In my several attempts to fix this I lost and regained and lost the mouse and keyboard, having to boot into the installer and use the terminal there to try and fix things. When I finally got back in Multibeast was failing again, with more kextcache errors (never the same number after them, no clues as to what kext(s) might be gumming up the works - it would just say that the application was using too many resources and kill the process). I finally just went to Multibeast - being that it's now a Cocoa app - said "Show Contents" dug down into the resources to the actual .pkg installers for the kexts I need, extracted them with Pacifist to the Extra/Extensions folder, ran the Kext Utility again to make sure permissions were right and the caches cleared. Crossed fingers, rebooted, and now here I am. There was one kext I hadn't installed manually and I ran Multibeast for that and it said "success" but if it was supposed to turn up in the Extra/Extensions folders (I don't know which ones can't), well, it didn't.

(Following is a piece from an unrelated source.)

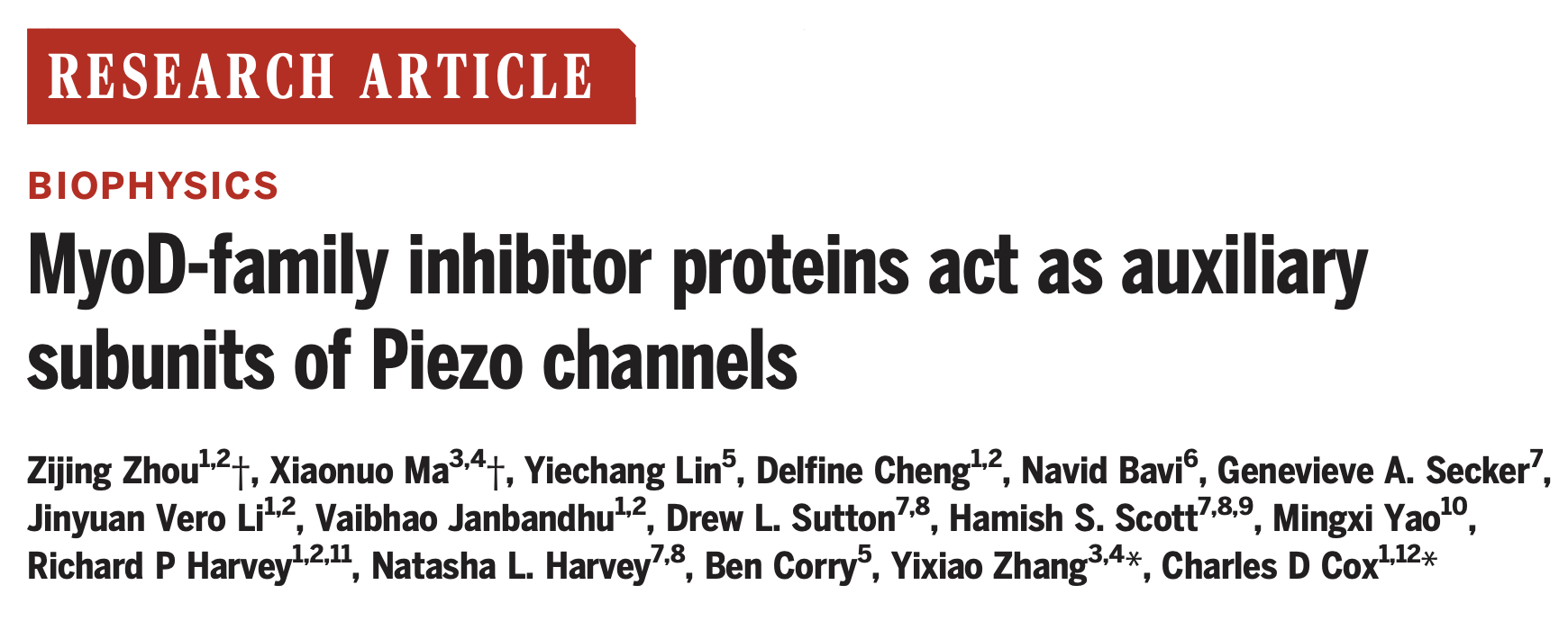 2023年8月18日,澳大利亚Victor Chang心脏研究所Charles Cox课题组与中国科学院上海有机化学研究所生物与化学交叉中心张一小课题组在Science上发表了题为MyoD-family inhibitor proteins act as auxiliary subunits of Piezo channels(MyoD家族抑制蛋白作为Piezo通道的辅助亚基)的合作文章。首次报道了MyoD家族抑制蛋白MDFIC和MDFI是Piezo1/2的结合蛋白,作者通过结构解析和功能研究,发现MDFIC通过C末端一段高度脂质化修饰的两亲性α螺旋从侧面插向Piezo的孔道模块,并证实该α螺旋能够引起外源和内源Piezo1/2的慢失活过程。该研究鉴定了首个Piezo蛋白附属亚基,解释了在许多细胞类型中观察到的内源 Piezo 通道截然不同的门控特性,为Piezo通道功能机制的研究提供了全新的方向。

I don't know if this is a problem because of the update instead of the clean install, or if a clean install would have the same issues with Multibeast not working right? Now that I'm up and running, and my audio works, my network works, and my AppleID login to the Mac App Store worked for updates (which I gather has been an issue for some folks), I'm obviously reluctant to nuke the drive and do a clean install. But this was anything but a smooth update for me and I have no idea if Multibeast will ever work properly for kexts on my system now. Thankfully it installed Chameleon ok (the SECOND time).
I also have no idea if sleep/hibernate stuff works. I let my monitor go to sleep after 15 minutes of inactivity but I never let my computer have a rest. In my experience (across Windows, Linux, and OS X) waking computers from hibernation has often been a problem so I just don't let my systems go there.
So this was anything but a smooth upgrade for me. That said, it was still better than my first Hackintosh running Leopard on an AMD processor (what a nightmare that thing was). I'm nothing if not persistent.